> [TASK TO COMPLETE]
Copy nothing but the lines below, from the one with "The Indi Skirt" through the one with "The participants agreed", exactly as written; no pictures should appear.

> [MATERIAL SUPPLIED]
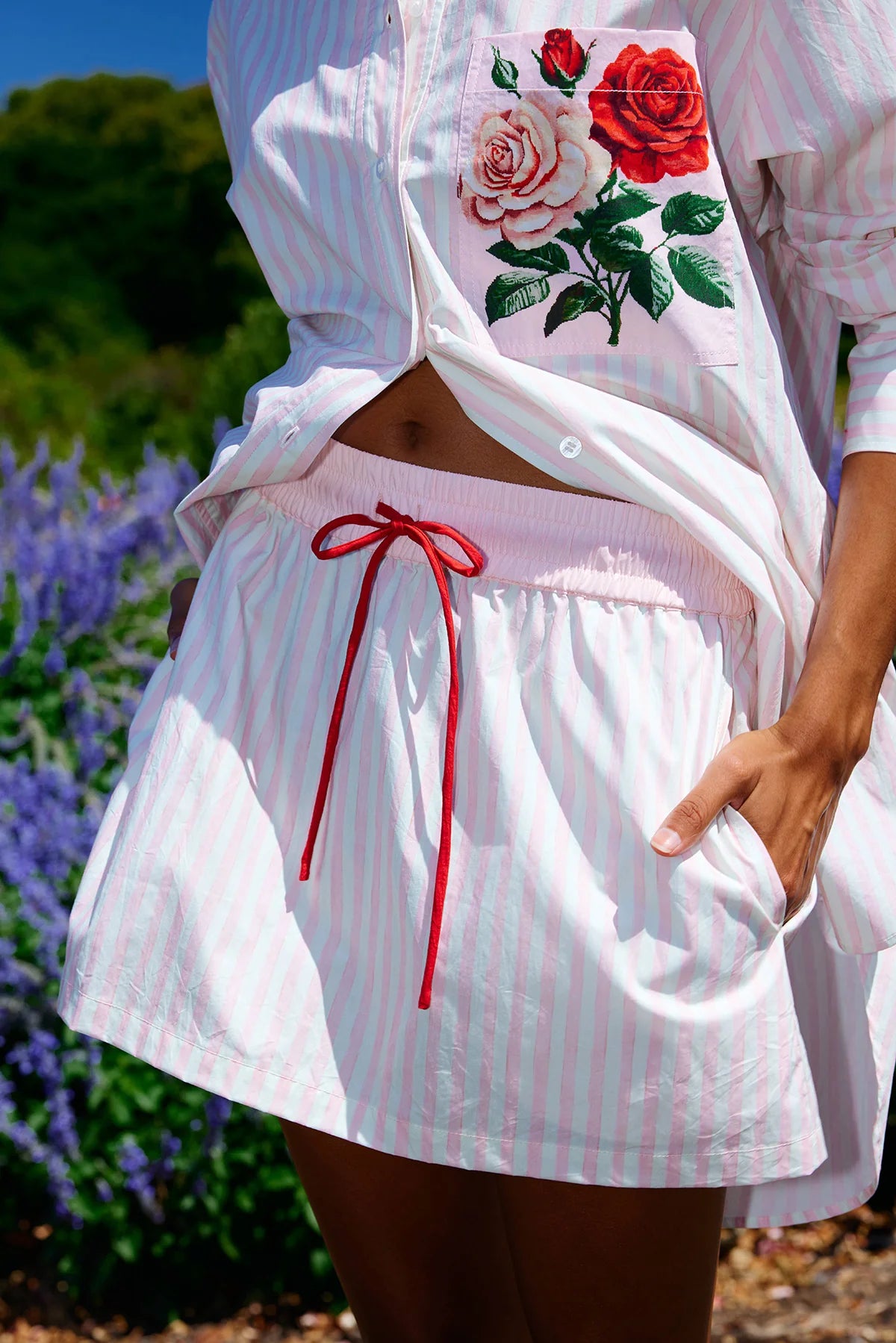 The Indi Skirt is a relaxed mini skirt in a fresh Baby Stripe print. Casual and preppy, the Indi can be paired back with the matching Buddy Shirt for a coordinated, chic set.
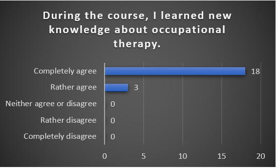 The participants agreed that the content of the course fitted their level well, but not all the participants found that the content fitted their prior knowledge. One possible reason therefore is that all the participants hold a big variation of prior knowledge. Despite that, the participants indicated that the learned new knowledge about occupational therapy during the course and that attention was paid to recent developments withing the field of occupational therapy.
--
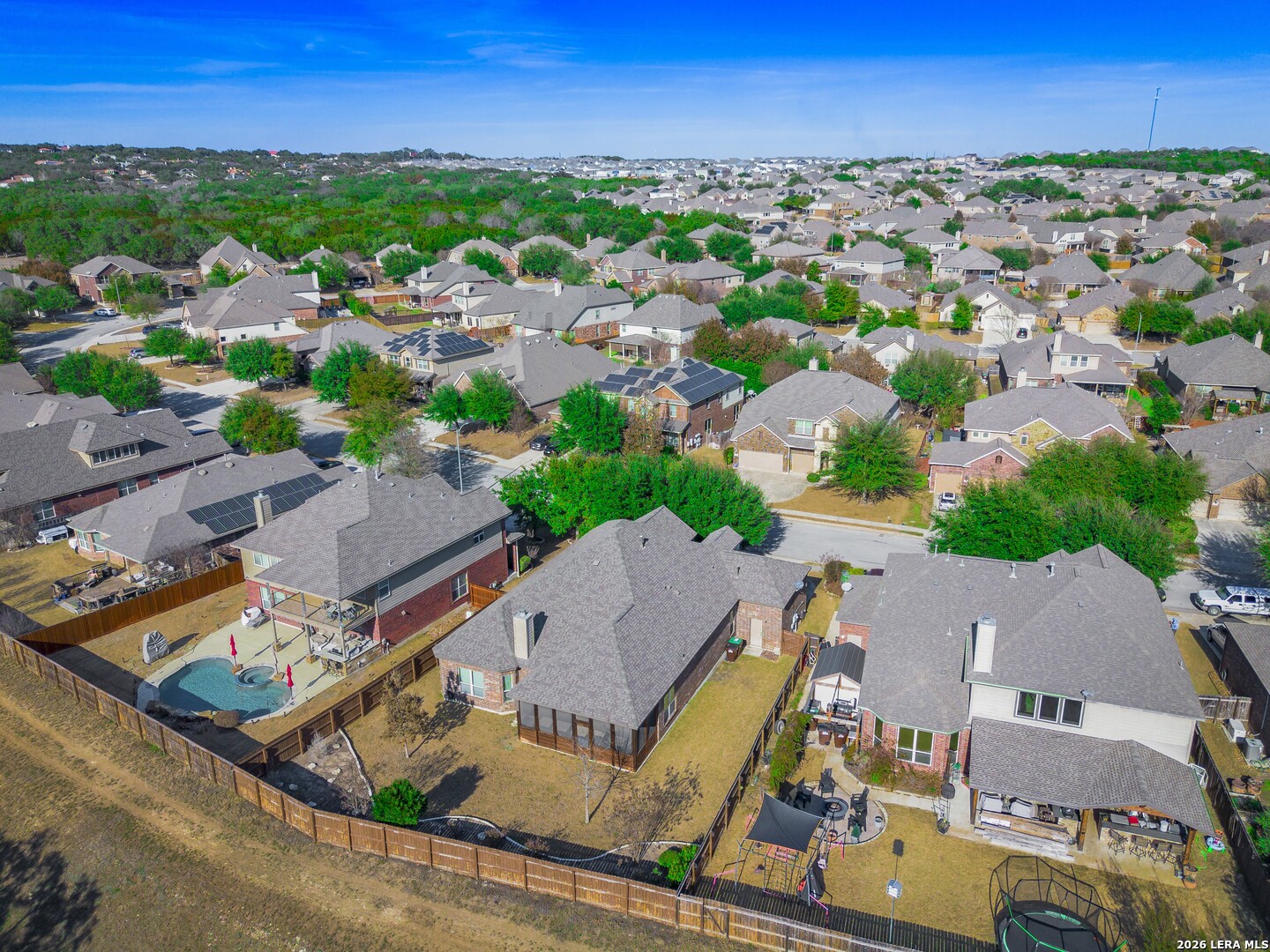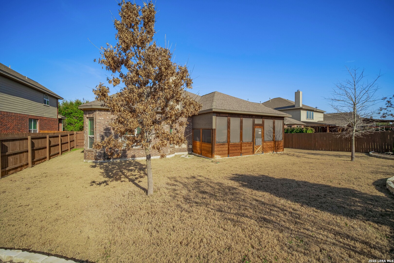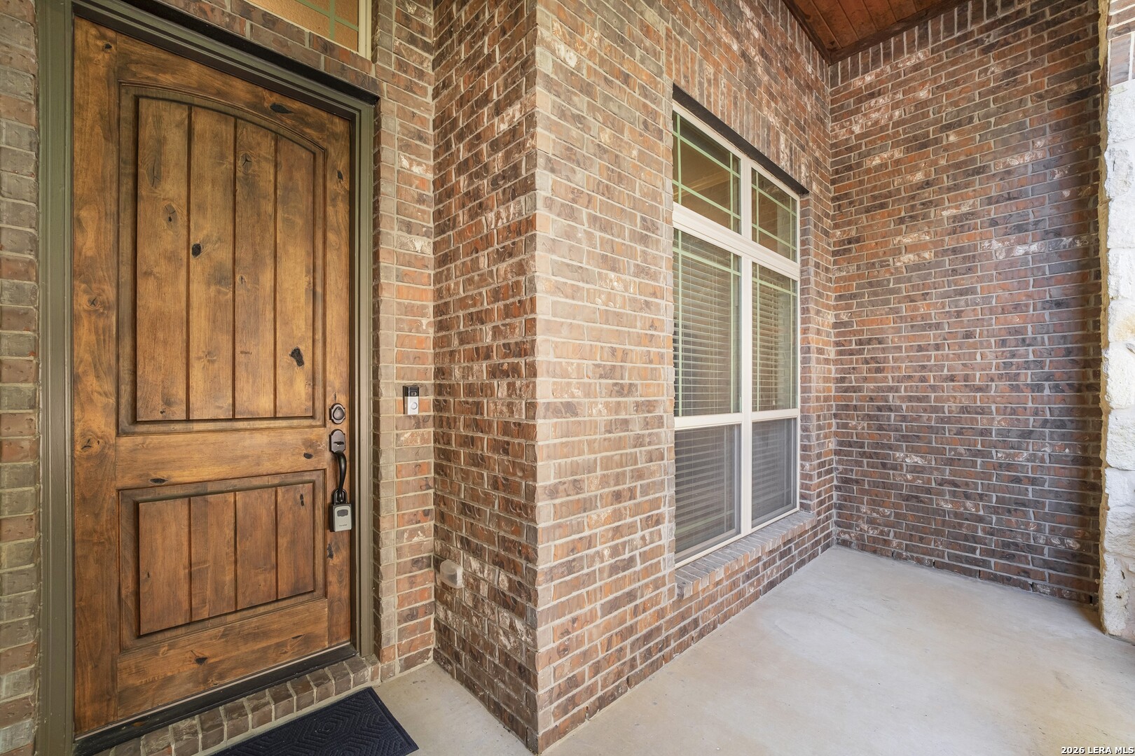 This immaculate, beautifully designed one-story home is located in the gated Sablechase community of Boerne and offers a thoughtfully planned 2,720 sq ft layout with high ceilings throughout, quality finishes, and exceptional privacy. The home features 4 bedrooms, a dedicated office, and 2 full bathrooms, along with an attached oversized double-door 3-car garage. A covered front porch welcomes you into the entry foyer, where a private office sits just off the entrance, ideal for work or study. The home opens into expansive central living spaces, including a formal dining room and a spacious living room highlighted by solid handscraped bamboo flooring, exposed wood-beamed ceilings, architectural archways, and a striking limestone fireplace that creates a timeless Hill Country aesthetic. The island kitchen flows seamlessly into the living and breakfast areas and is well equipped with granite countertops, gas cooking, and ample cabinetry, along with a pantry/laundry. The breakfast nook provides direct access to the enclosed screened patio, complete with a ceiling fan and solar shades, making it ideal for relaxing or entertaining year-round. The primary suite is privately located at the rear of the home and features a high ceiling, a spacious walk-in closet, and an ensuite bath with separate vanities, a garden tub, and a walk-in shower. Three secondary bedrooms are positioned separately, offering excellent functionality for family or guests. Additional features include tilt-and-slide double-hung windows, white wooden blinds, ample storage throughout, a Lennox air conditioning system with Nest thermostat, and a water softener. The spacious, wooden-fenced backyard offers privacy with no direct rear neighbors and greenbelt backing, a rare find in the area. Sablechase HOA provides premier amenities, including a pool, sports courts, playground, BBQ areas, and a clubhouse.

> [SOLUTION FOR THIS TASK]
 The Indi Skirt is a relaxed mini skirt in a fresh Baby Stripe print. Casual and preppy, the Indi can be paired back with the matching Buddy Shirt for a coordinated, chic set.
 The participants agreed that the content of the course fitted their level well, but not all the participants found that the content fitted their prior knowledge. One possible reason therefore is that all the participants hold a big variation of prior knowledge. Despite that, the participants indicated that the learned new knowledge about occupational therapy during the course and that attention was paid to recent developments withing the field of occupational therapy.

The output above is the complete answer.